While it represents all those people, “Shift” gives time to Alex (Aldous Davidson) a half Korean half Jewish 20-something aspiring actor who finds work in San Francisco in the mailroom of a financial firm, sorting flat envelopes that will only go to the millionaires. Now any late-night work, as Charles Bukowski attested in “Post Office” has its share of personalities, a new universe formed in small spaces. The boss, Oscar (Paul Sum), is well-meaning, trying to keep spirits up even when they flag, because other workers like the talkative Louis (Al Thompson) and the grizzled Marc (Tom O’Malley) work day job after day job, trying to make ends meet that seem like they will never meet up and connect. Louis has his fun with Wing (Jackson Ning) older than all the other guys, gently mocking him over the chicken feet soup he brings to work to eat during the lunch hour, which is usually only 30 minutes according to the invisible management of the company, but Oscar figures that these guys work hard enough, so why should they have a shorter time to relax? At least that’s what it seems like when he tells Alex how to fill out his time card.

Meanwhile, as night turns into day, Alex hears from bright-faced Melanie (Allyn Rachel), who likes him, but he doesn’t care, though he appreciates it when she connects him to a producer making a commercial that needs Asian flavor, so to speak. This is life for him right now. He works in that mailroom to make money enough to go to a $10,000-a-semester acting school in New York. There are moments in “Shift”, amidst the semi-bleak cinematography by writer/director Jonathan Yi that are almost impossible to bear, such as the lid of the coffee pot always dropping when Brian (Jarett Gonzalez) pours himself a cup, but that’s life in this workplace. And when the worst happens for all these co-workers (evidenced by the pizzas sent by the ineffectual, impersonal management), there’s a pang of regret from us too because it’s been quite a time with all of them. With all that goes on, Alex should be a writer, taking this all down, but with how little he expresses himself, maybe it’s best that he becomes an actor one day.
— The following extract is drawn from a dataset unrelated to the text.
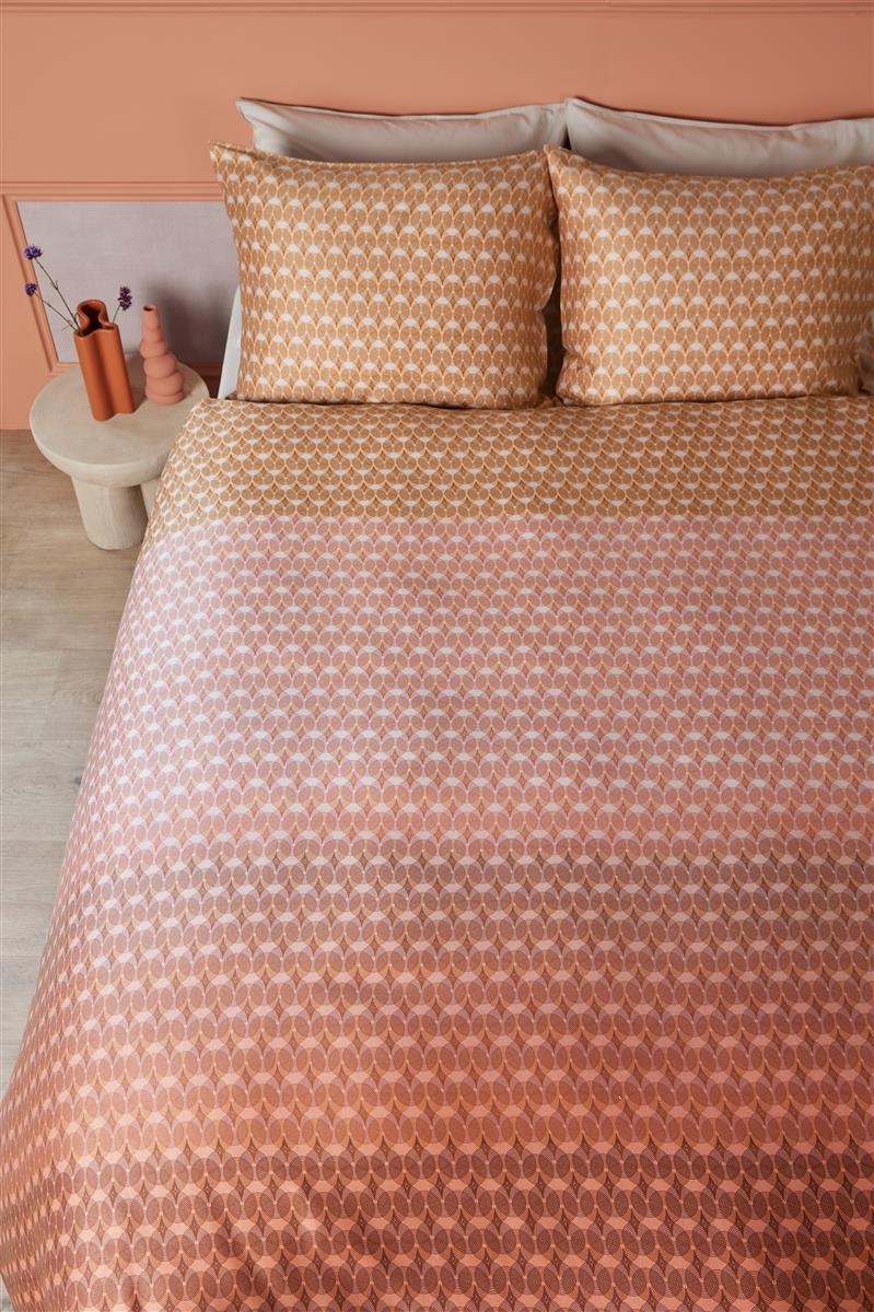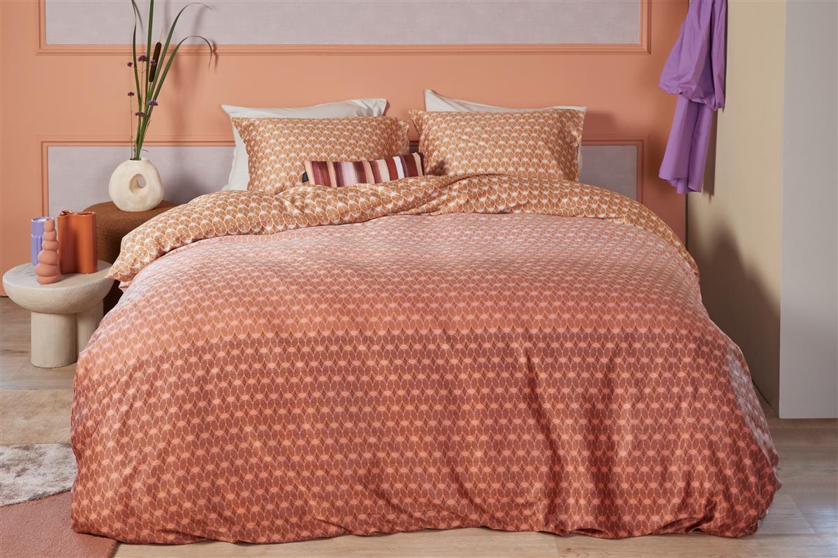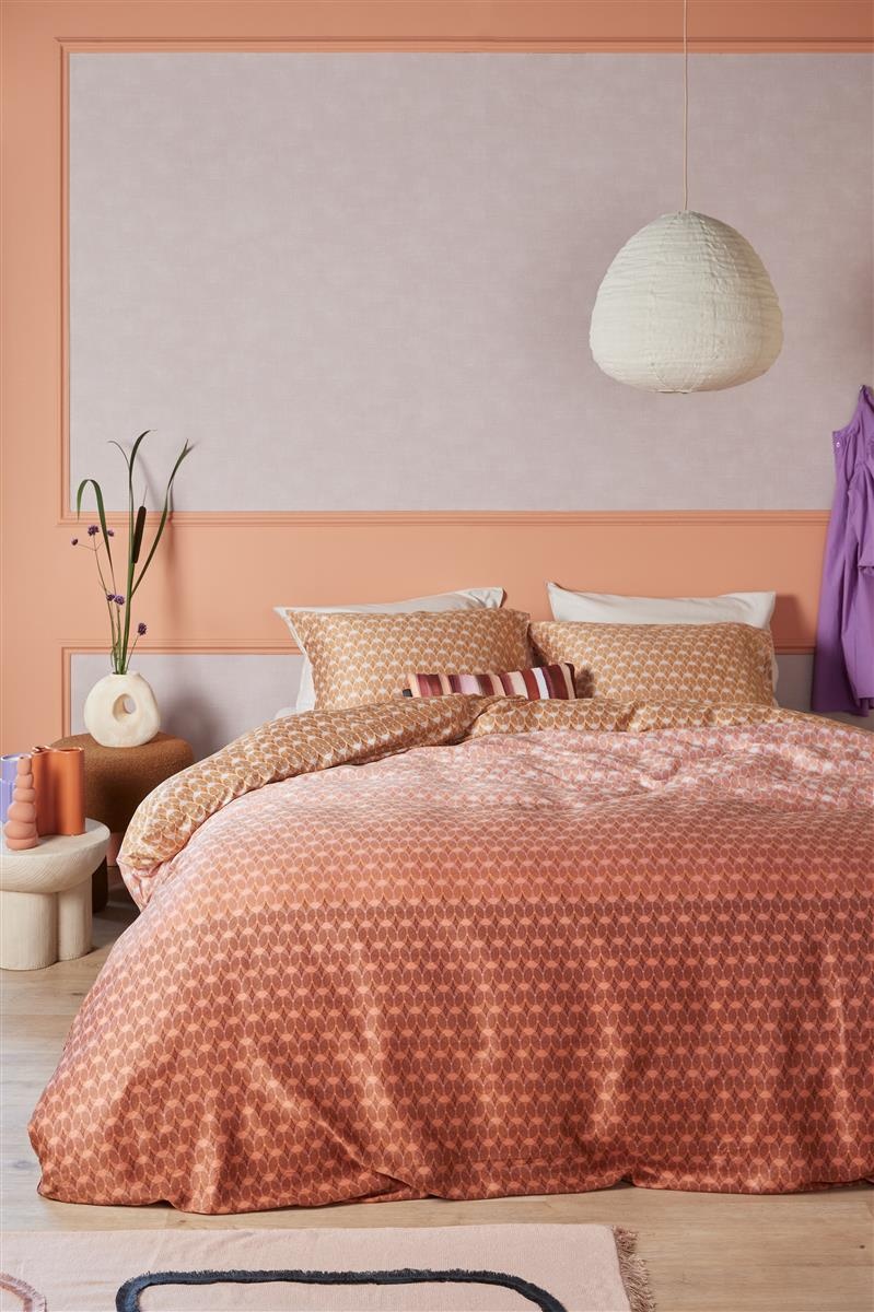 Het grafische dessin van de Silas Terra voegt een moderne touch toe aan uw slaapkamer. De rijke rode kleur brengt warmte en sfeer, terwijl het subtiele ontwerp gemakkelijk te combineren is met andere bedtextiel producten zoals hoeslakens, kussens en spreien. Maak uw slaapervaring compleet met bijpassende badjassen, handdoeken en badmatten voor een harmonieus geheel.

Because who knows; he might even find a playwright or a screenwriter to put this experience into words. Yi has done this, based on his own experience in a financial firm’s mailroom, and he’s captured what it is to be part of the late shifts of the country. Even when it’s dark, someone’s still working out there, trying to make enough money to either do something in their life or just to keep working because they like it. Alex is sensitive enough to understand it all and it shows.